-- WHAT NEEDS TO BE DONE --
Using the records below, copy exactly the part that opens with the line holding "SEI MIO Twin" and closes with the line holding "LOT: 42560888 VIN: 1FM5K8D82EGB14798", minus the pictures.
──────── RECORDS TO PROCESS
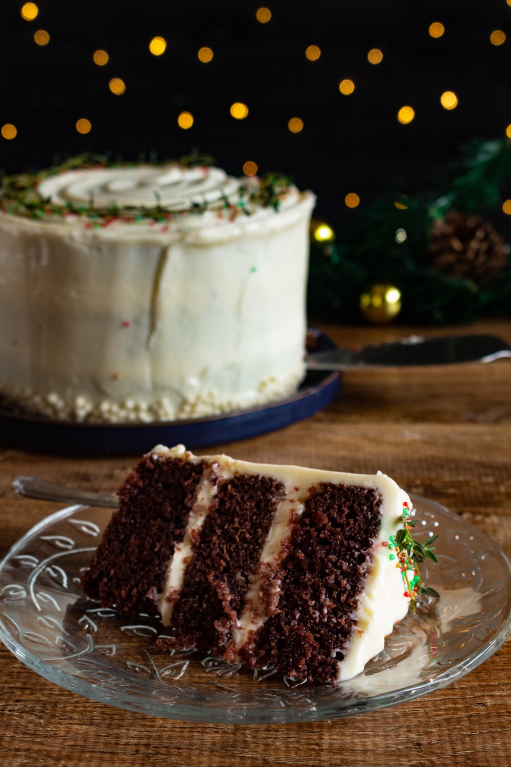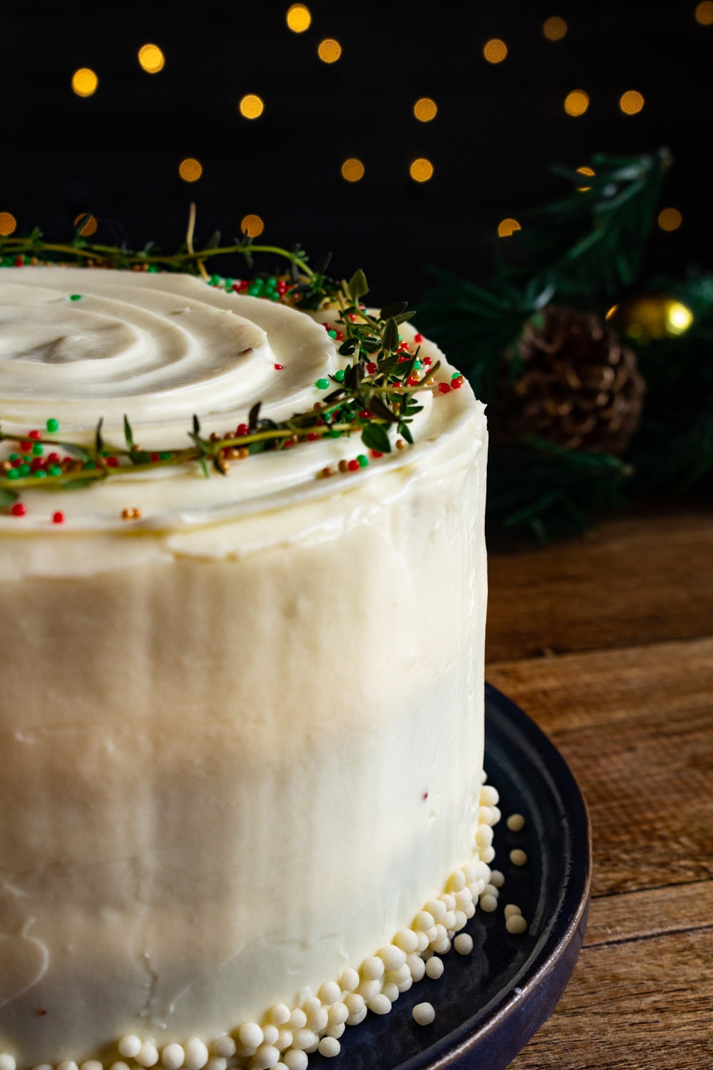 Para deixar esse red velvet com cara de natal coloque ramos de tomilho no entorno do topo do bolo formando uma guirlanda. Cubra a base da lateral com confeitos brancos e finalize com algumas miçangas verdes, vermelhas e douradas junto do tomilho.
────────────────
──────── RECORDS TO PROCESS
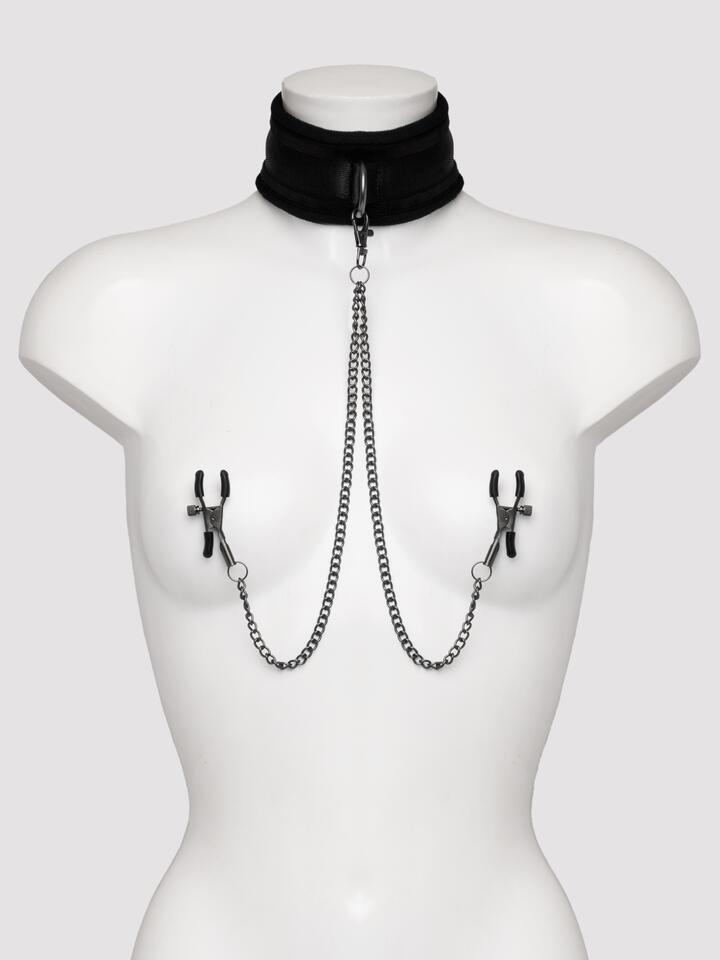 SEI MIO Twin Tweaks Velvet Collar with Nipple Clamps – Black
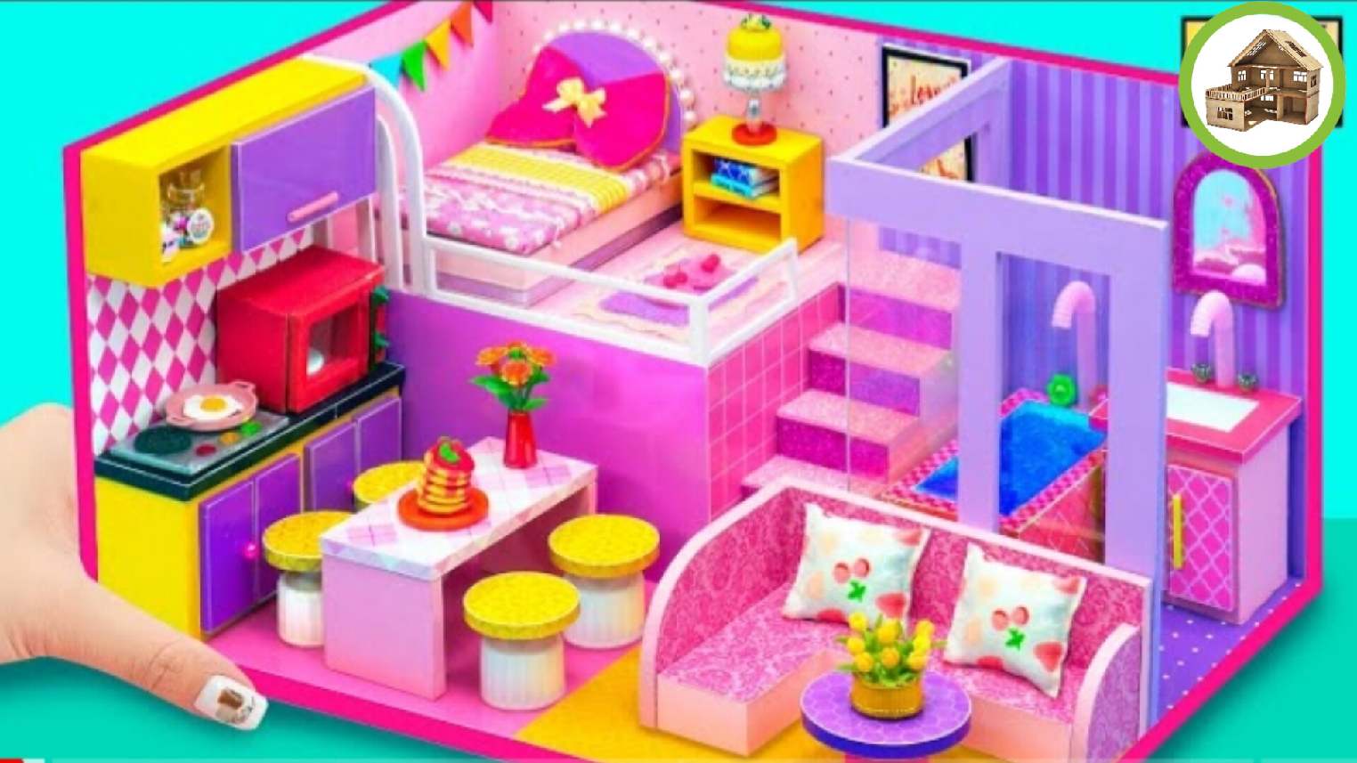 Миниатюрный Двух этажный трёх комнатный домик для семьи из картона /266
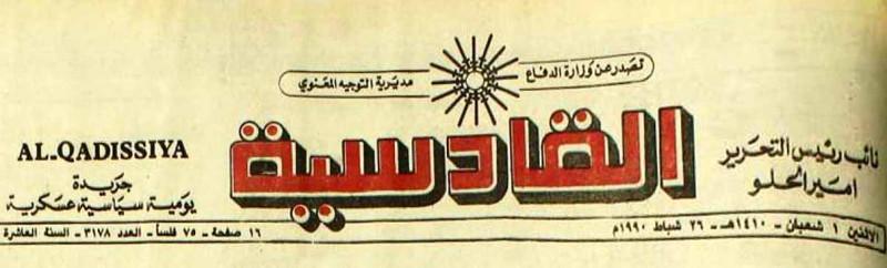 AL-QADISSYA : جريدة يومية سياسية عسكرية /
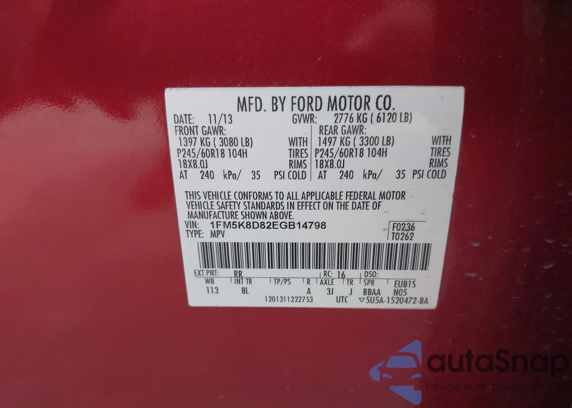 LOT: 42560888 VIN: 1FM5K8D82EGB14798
────────────────
-- EXPECTED ANSWER --
 SEI MIO Twin Tweaks Velvet Collar with Nipple Clamps – Black
 Миниатюрный Двух этажный трёх комнатный домик для семьи из картона /266
 AL-QADISSYA : جريدة يومية سياسية عسكرية /
 LOT: 42560888 VIN: 1FM5K8D82EGB14798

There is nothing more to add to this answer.